Perhaps a typical example of how the university has failed in promoting inclusivity, accessibility and antiracism is the recent case of Ebenezer Azamati, where a visually impaired African student at Oxford was violently thrown out of the Oxford Union chambers in the most inhumane manner. Worse still, the Oxford Union further punished Mr. Azamati by stripping him of his membership. It is alarming and very unfortunate that AfriSoc had to go to the streets in demonstration against this incident. More so, the protest and Azamati’s independent pursuit of justice, underscores the amount of labour that is constantly required by African bodies and allies in order to get institutions to respond and enact just, fair and inclusive policy approaches. While we are glad that Mr. Azamati won the legal case against the Union, it is fair to worry that there are several other students who undergo similar or worse treatment within Oxford but are not lucky to have witnesses who speak up or a record the incident.

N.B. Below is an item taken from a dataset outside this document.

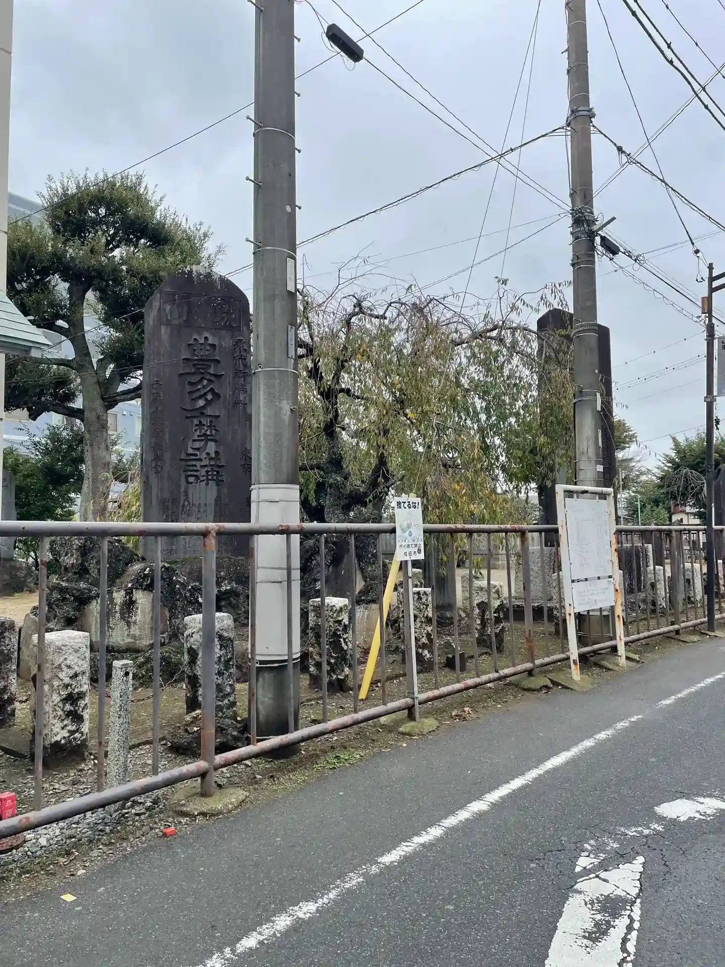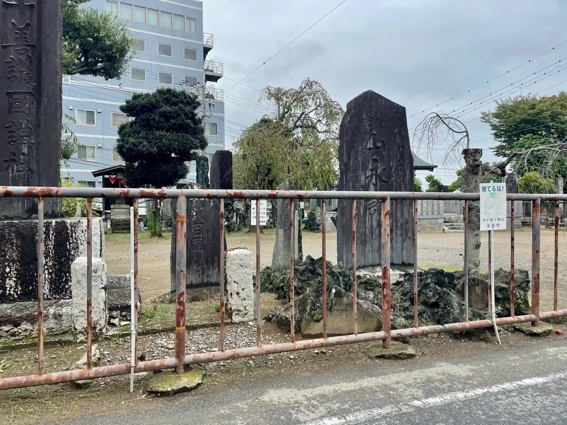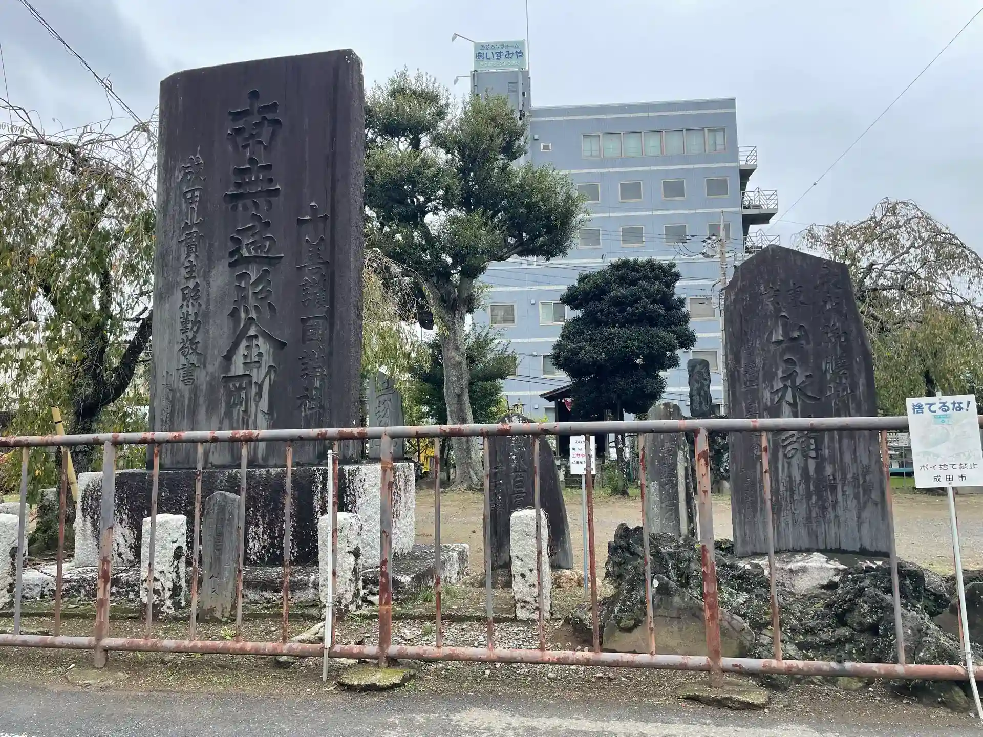 JR成田駅東口交番の脇にある権現山と呼ばれる柵に囲まれた広場の一角にあり、ここは成田山新勝寺の境外地となっている。

A picture containing person, person, holding, table

Description automatically generated

A group of people standing in front of a crowd

Description automatically generated


Curriculum reforms 

Oxford has been accused before of having a Eurocentric curriculum with no or minimal appreciation of fundamental issues like the impact of colonialism on the lives of Africans and all the other countries. Furthermore, there is exclusion of work from African scholars and authors. Oxford being at the core of academic scholarship has also neglected and fails to promote work that writes against the curve, on the periphery, and or on challenging the oppressive foundations of knowledge production that exists in the core. As AfriSoc, we have tried to address this through our initiatives such as the Afrofeminist book club, 200 Days of Lumumba and several other platforms, but this undeniably requires deeper efforts from the University towards increasing the number of Black faculty & resources within the University. This is not just for the African students to engage with, but also for all other Oxford members.  

Our Stand as the University of Oxford Africa Society 

We do appreciate the complexity of these issues and understand that it takes time and concerted efforts to achieve the goals. But we also know that this will only happen if the University is fully committed to this cause and we do not feel so as yet. This commitment begins with the university interrogating and engaging the intricate relationship between colonialism, race, access, inclusivity and diversity and how, its inaction as an institution to address these issues significantly propagates the inequality further.  

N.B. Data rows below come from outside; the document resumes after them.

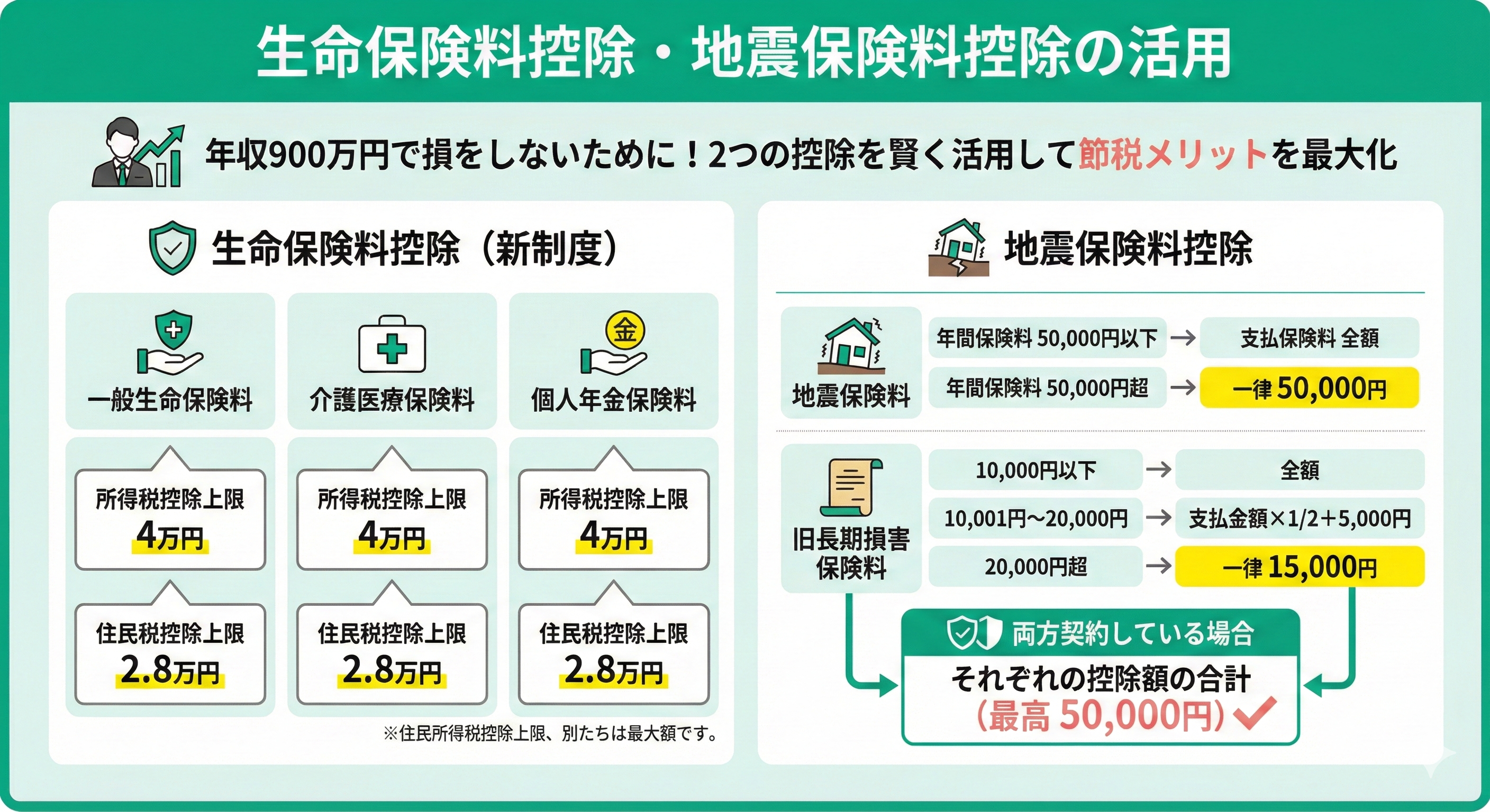 | 地震保険料 旧長期損害保険料 両方契約している場合 | それぞれの保険の控除額の合計 (最高50,000円) |
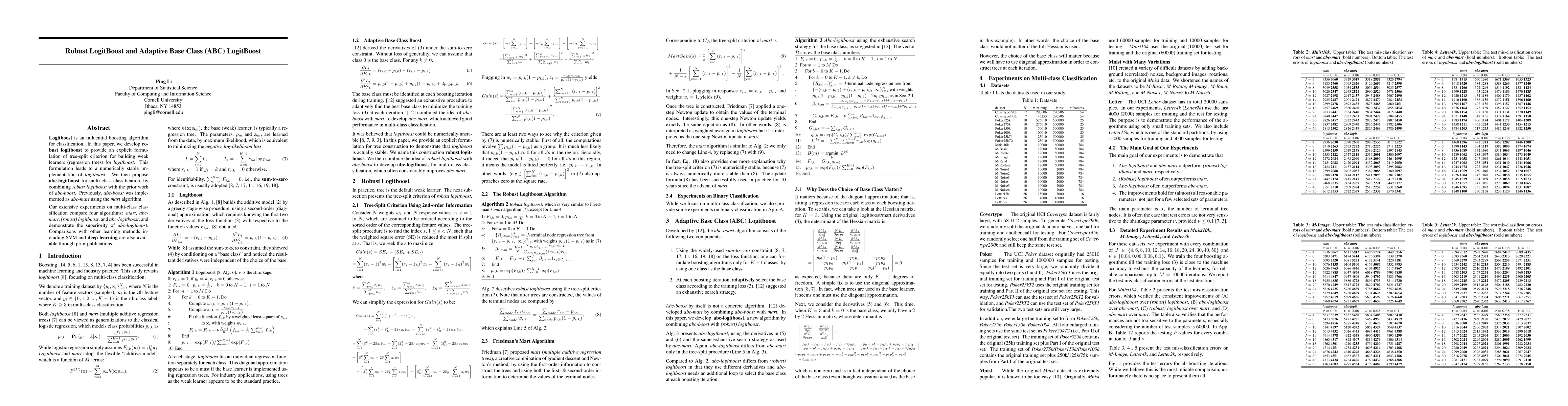This paper introduces a numerically stable version of LogitBoost and proposes an adaptive base class (ABC) LogitBoost for multi-class classification, combining robust LogitBoost with prior ABC-Boost work. Experimental results show that ABC-LogitBoost outperforms logitboost, abcmart, and other methods like SVM and deep learning.
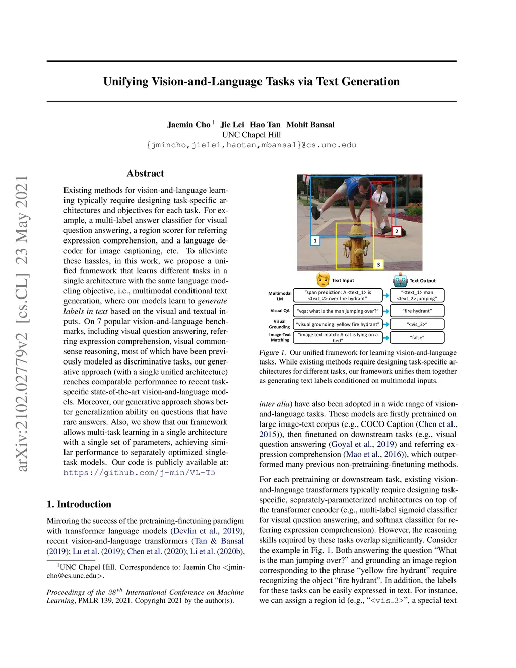 Existing methods for vision-and-language learning typically require designing task-specific architectures and objectives for each task. For example, a multi-label answer classifier for visual question answering, a region scorer for referring expression comprehension, and a language decoder for image captioning, etc. To alleviate these hassles, in this work, we propose a unified framework that learns different tasks in a single architecture with the same language modeling objective, i.e., multimodal conditional text generation, where our models learn to generate labels in text based on the visual and textual inputs. On 7 popular vision-and-language benchmarks, including visual question answering, referring expression comprehension, visual commonsense reasoning, most of which have been previously modeled as discriminative tasks, our generative approach (with a single unified architecture) reaches comparable performance to recent task-specific state-of-the-art vision-and-language models. Moreover, our generative approach shows better generalization ability on questions that have rare answers. Also, we show that our framework allows multi-task learning in a single architecture with a single set of parameters, achieving similar performance to separately optimized single-task models. Our code is publicly available at: https://github.com/j-min/VL-T5
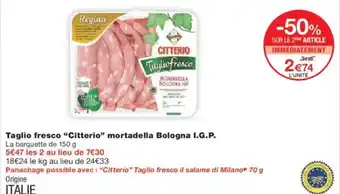 Actuellement en offre chez Monoprix : Taglio fresco citterio mortadella bologna i.g.p. ✅ Valable du 3-03 au 22-03.

It is a fact that especially during this protracted COVID-19 pandemic, Black and other minority students are disproportionately disadvantaged driving the inequality even further. The university therefore should act promptly to cushion BAME students from further harm. 

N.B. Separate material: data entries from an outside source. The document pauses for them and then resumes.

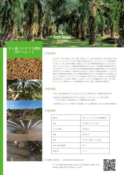 アブラヤシの幹(パームトランク)やソルガムを原料とした環境に優しいバイオマス燃料をご紹介しています。化石燃料に比べCO2排出量を大幅に削減し、持続可能なエネルギーソリューションを提供します。製品サンプルや活用事例を展示。
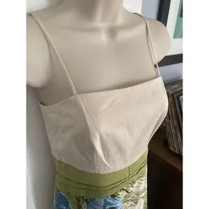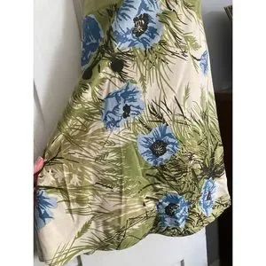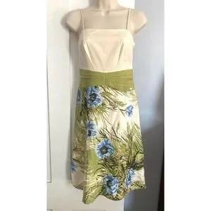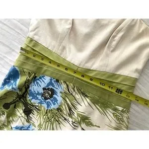 Lovely silk/cotton blend spring dress from Ann Taylor. Springy green and blue floral print on cream/ivory background. Women’s size 2 petite. New without tags, purchased from a boutique that was closing.
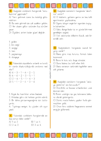 9 Aşağıdaki cümlelerin hangisinde “karşı- 12 Aşağıdaki cümlelerin hangisinde “abart-

As AfriSoc, working with our partners including the Africa Oxford Initiative (Afox), we have continued to support African students through our programs including scholarship and mentorship, welfare and advocacy and promoting a safe social environment through our convening activities such as the annual Oxford Africa Conference and social activities including the AfroBOP,African choir, Swahili classes and townhall series.  We are however aware that as a student body we can only do so much unless the university commits to its promises and supports our endeavor. 

Oxford University should walk the talk, and as AfriSoc, we will continue to hold the University accountable on its commitments and are willing to work together with all partners to make Oxford a home for all.